Doc shivered despite the warmth of the fire and the covers. He would be damned if he gave Baron Barat one thing more, but nonetheless he shook. This was not the first time he had been brought down despite his best efforts and been taken captive. Bile rose in Doc’s throat. Terror racked his brain. Nor would it be the first time he had been humiliated, tortured and broken. Cold sweat burst upon his brow, and the spiders of madness began spinning their webs around his consciousness. Memories he strove to suppress rose. The damaged dikes of lucidity he struggled to shore every waking moment began to crumble once more.
Alarm bells in the ville cut Doc’s downward spiral and began ringing like hope.
Doc knew without a doubt his friends were coming for him.
“You think your friends come for you?” Barat inquired.
Doc was sure of it but shook his head. He searched through his tattered psyche for the courage he had found when he had faced down the baron and his son in the study. Doc was insufferably pleased that though he was bound and helpless and facing torture and death, a small, mostly hidden reservoir still remained. With the flickering candle of hope that his friends lived Doc found that he was still prepared to die. “No, but you have given them great offense, and they will make murder among your people until you see the error of your ways.”

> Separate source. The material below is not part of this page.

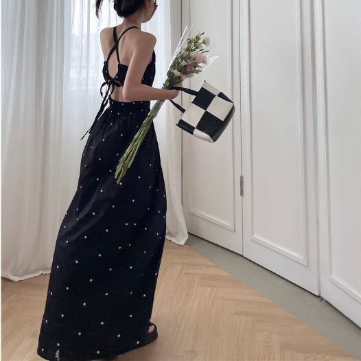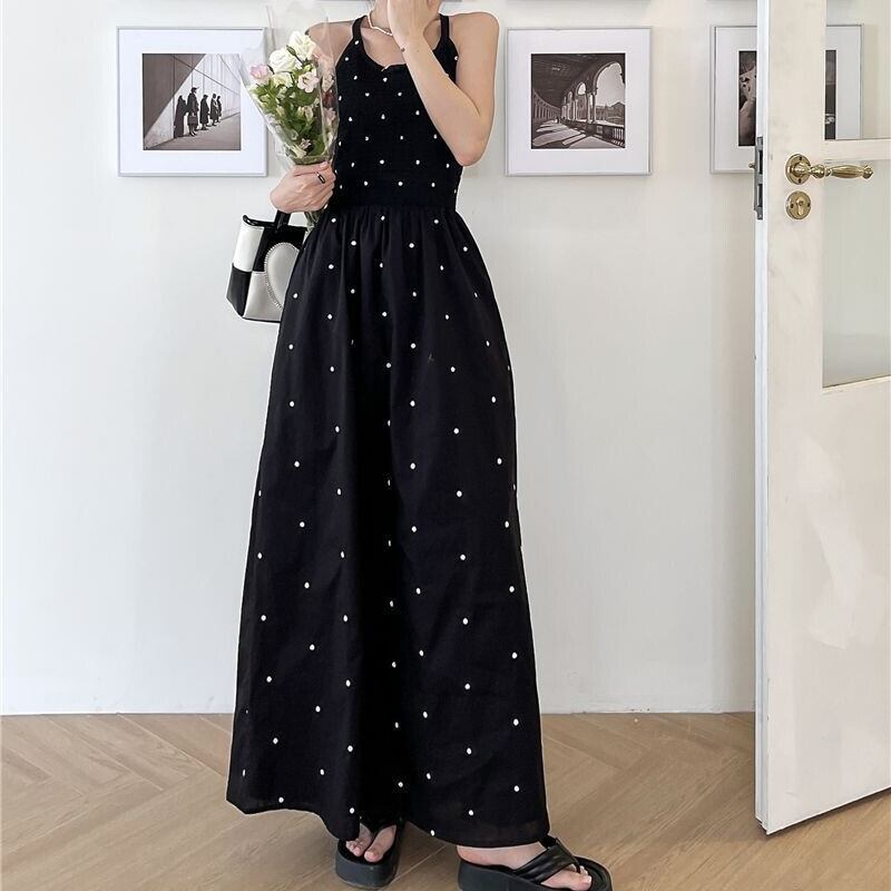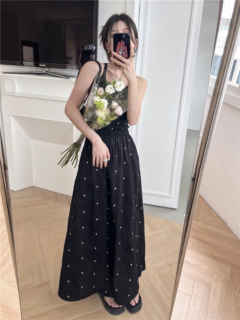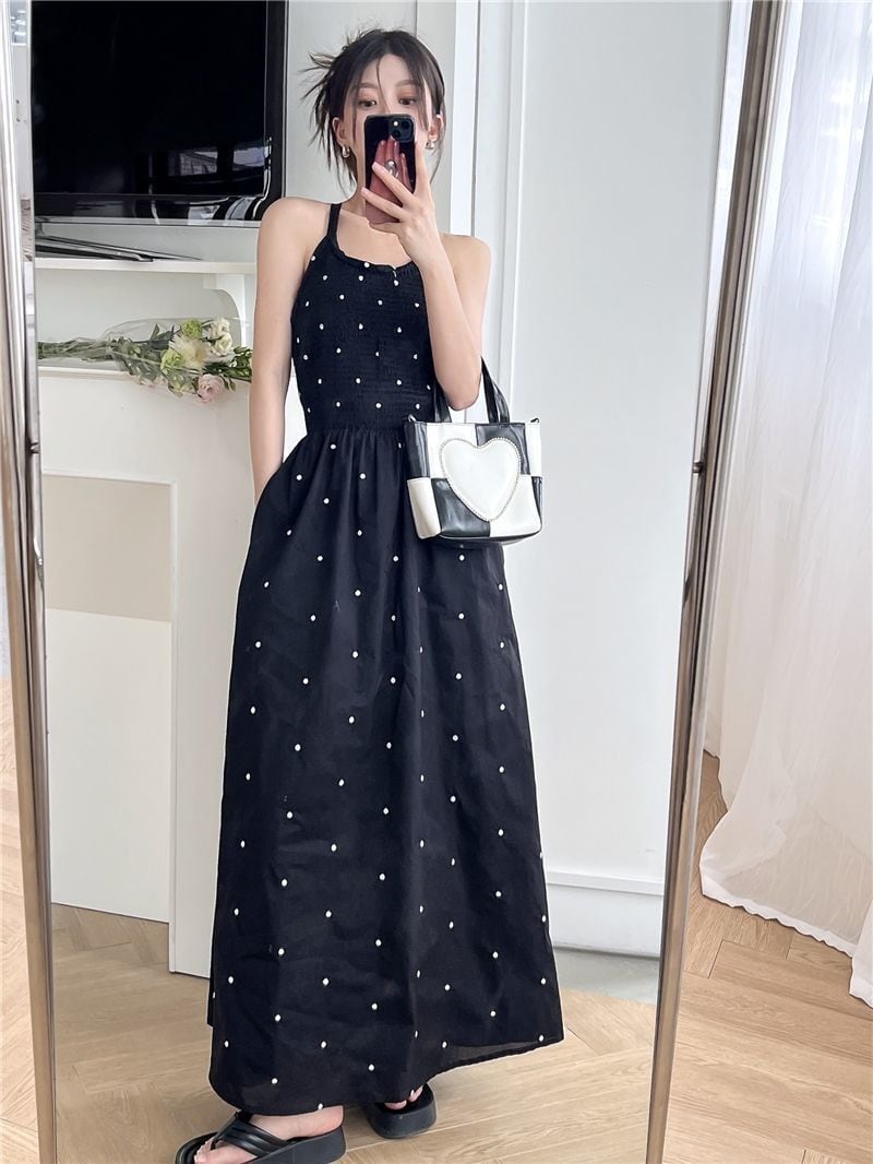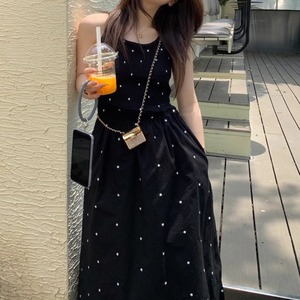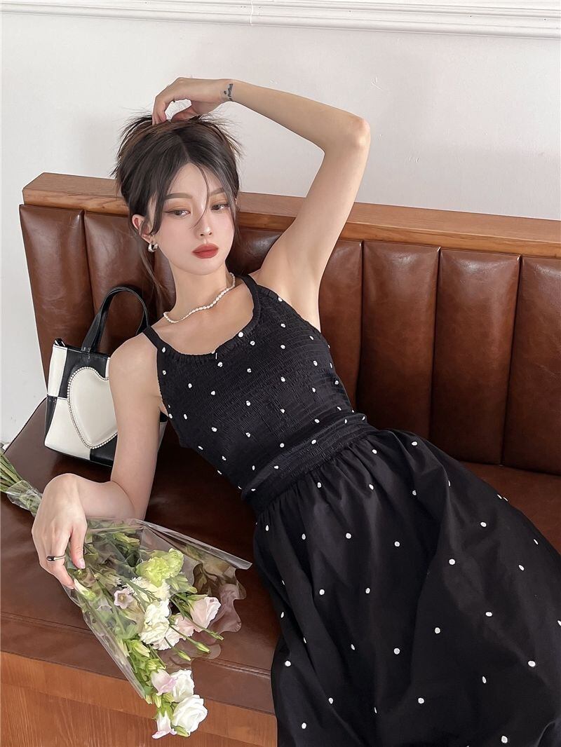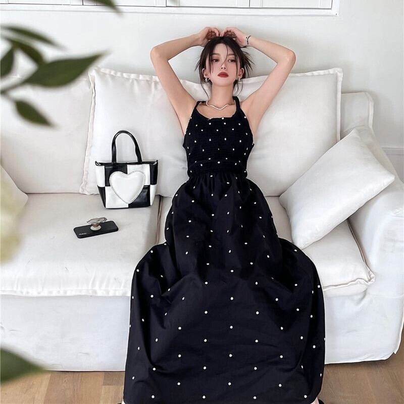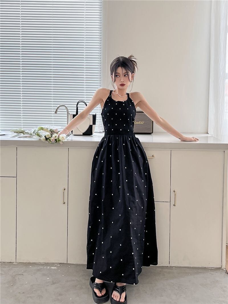 ドット柄が可愛いシンプルなロングワンピース。
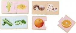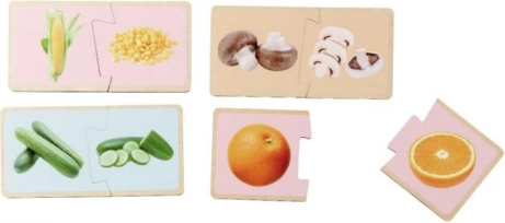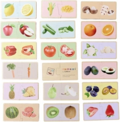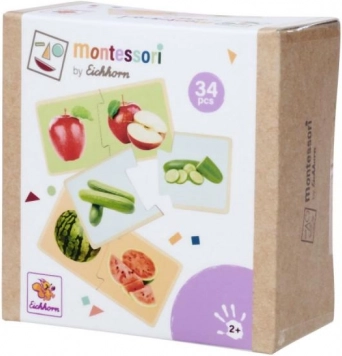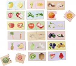Drewniane puzzle Montessori z motywem owoców i warzyw uczą dzieci prawidłowego łączenia pasujących elementów i nazywania poszczególnych produktów. Realistyczne ilustracje pomagają powiązać zabawę z codziennym życiem i wspierają naturalną naukę poprzez zabawę.

Barat sighed wearily. “Pray that you are wrong, Dr. Tanner.”
“Forgive my impertinence, but if I may ask, by what reason should I devoutly desire such a consummation?”
The baron shook his head. “Because if your companions do not fall into the hands of myself and my men this night, they will most assuredly fall into the hands of my brother.”
Doc was not entirely sure what Barat meant, but he felt his guts turn to ice at the remark. “I fear I am not entirely sure I understand you, Baron Barat.”
“I fear I am not entirely in control of this island, Dr. Tanner.” The baron stared out inscrutably through the heavy iron bars that secured the window and into the night. “And I fear your friends are in terrible peril.”